Moon Taxi singles chronology
| "All Day All Night" (2015) | "Two High" (2017) | "Let the Record Play" (2017) |

Music video
- "Two High" on YouTube

= Two High =

"Two High" is a song recorded by American alt-rock band Moon Taxi, and is the lead single off the band's fifth studio album, Let the Record Play. The song was written by the band and was produced by guitarist Spencer Thomson. It was released on May 5, 2017.

==Background==
Lead vocalist Trevor Terndrup cited the peace sign as inspiration for the song, and said that the song was about hope and acceptance. The song came about when band member Wes Bailey's phone autocorrected the phrase "too high" to "two high", evoking images of the peace sign. A music video for the song was released on November 9, 2017.

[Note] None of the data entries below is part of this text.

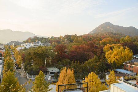 Autumn in South Korea colorful of Ginkgo Tree and Maple Tree at Seoul forest park ,South Korea.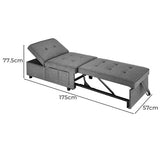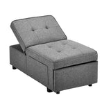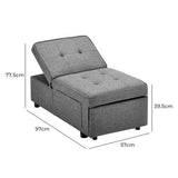 Features: Materials: eucalyptus wood and steel frame, linen-look polyester upholstery, high-density foam padding, serpentine springs, polypropylene legs Includes: 1 x sofa bed, 1 x assembly manual This single sofa bed can also function as a fully flat bed, as a handy ottoman or as a luxurious lounger to suit the moments Upholstered in a premium linen-look fabric Designed to last even with robust use Equipped with six adjustable positions for the backrest, you can turn your sofa bed into the best seat in the house for watching TV, reading, or keeping up with your social media, or nestle it down for relaxation, napping or sleeping Its convertible feature is certainly much appreciated in every way Built to exacting standards with a solid eucalyptus wood and steel frame, thick-cushioned seats with strong serpentine springs and augmented with sturdy plastic legs to add strength, stability and durability to its streamlined structure The artisanship is meticulous and the tufting and stitching is first class with near flawless finishing and close attention to details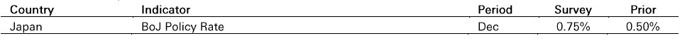 The Bank of Japan (BoJ) is expected to raise its policy rate by 25bp to 0.75% amid recent growth-inflation data. The market focus will likely be on how the BoJ communicates the pace of rate hikes ahead and the terminal rate level.

In 2021, the band re-recorded the track as a duet with Hawaiian ukulele player Jake Shimabukuro for his album Jake & Friends.

==Performance==
"Two High" garnered over 64 million streams on Spotify.

==Charts==

===Weekly charts===

| Chart (2017) | Peak position |
|---|---|
| Canada Rock (Billboard) | 33 |
| Norway (VG-lista) | 27 |
| Sweden (Sverigetopplistan) | 46 |
| Switzerland (Schweizer Hitparade) | 82 |
| UK Indie (OCC) | 9 |
| US Hot Rock & Alternative Songs (Billboard) | 26 |
| US Rock Airplay (Billboard) | 10 |

===Year-end charts===

| Chart (2017) | Position |
|---|---|
| US Hot Rock Songs (Billboard) | 86 |
| Chart (2018) | Position |
| US Rock Airplay (Billboard) | 43 |

==Certifications==

| Region | Certification | Certified units/sales |
| Canada (Music Canada) | Gold | 40,000^{‡} |
^{‡} Sales+streaming figures based on certification alone.